# 1997 Nissan D21 - Slight backfire during deceleration



## chacono (Oct 30, 2004)

An annoying thing has been happening lately to my 97 Hardbody, 4WD, 5-speed, 190K+ miles. I notice a slight backfire during deceleration - there are no codes, no engine light, nothing...the thing just has a slight, weak, backfire. It's been less than a year since I changed spark plugs, spark plug wires, rotor, cap, air filter, etc. I read about possible causes being "inlet valves sticking or leaking" but I don't smell unburnt fuel or notice smoke from the tail pipe. Any ideas? ...other than this issue, the truck runs fine.

Thanks.

-- Omar


----------



## smj999smj (Jan 1, 2006)

Do you notice any timing chain rattle?


----------



## rogoman (Dec 16, 2004)

Having timing that is too late (retarded) can cause backfiring. It can also sometimes happen if your engine is running too rich. When the exhaust valve opens, the mixture isn't done burning so it ignites the unburned fuel in the exhaust system and causes a loud bang.


----------



## jp2code (Jun 2, 2011)

I'd imagine vacuum leaks could cause this, too.

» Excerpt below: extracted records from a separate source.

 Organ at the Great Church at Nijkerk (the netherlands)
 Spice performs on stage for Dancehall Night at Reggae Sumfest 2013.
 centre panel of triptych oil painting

chacono, have you checked the codes?


----------



## chacono (Oct 30, 2004)

Thanks for the suggestions - I'll reply to all at once.

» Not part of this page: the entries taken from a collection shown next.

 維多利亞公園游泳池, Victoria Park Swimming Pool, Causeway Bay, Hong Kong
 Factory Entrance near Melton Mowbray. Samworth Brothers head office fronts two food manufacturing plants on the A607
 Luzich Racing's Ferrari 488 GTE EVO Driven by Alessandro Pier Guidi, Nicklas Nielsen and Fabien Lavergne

- I do not notice the timing chain rattling
- I'll verify the timing and reply asap
- Will check for vacuum leaks - there are no codes


----------



## chacono (Oct 30, 2004)

Folks. I verified that the timing is within specs, the timing chain is sound, did not notice any vacuum leaks, and still no codes. Since, other than the slight backfire, everything appears well, I will just let my truck be. If I ever find something relevant, I'll post.


----------



## jp2code (Jun 2, 2011)

I just thought of something. On motorcycles (particularly Harley-Davidsons), owners often install aftermarket intake or exhaust systems. This increases the engine's efficiency, but also results in an extra lean condition unless they have the fueling system tuned to match the modifications. Other motorcycle owners can typically tell when someone has bolted on intake or exhaust parts without getting a tune because of the pops and backfires coming from the engine.

So, do you have an aftermarket air filter or have you changed the exhaust system (glass packs or removed the CAT)?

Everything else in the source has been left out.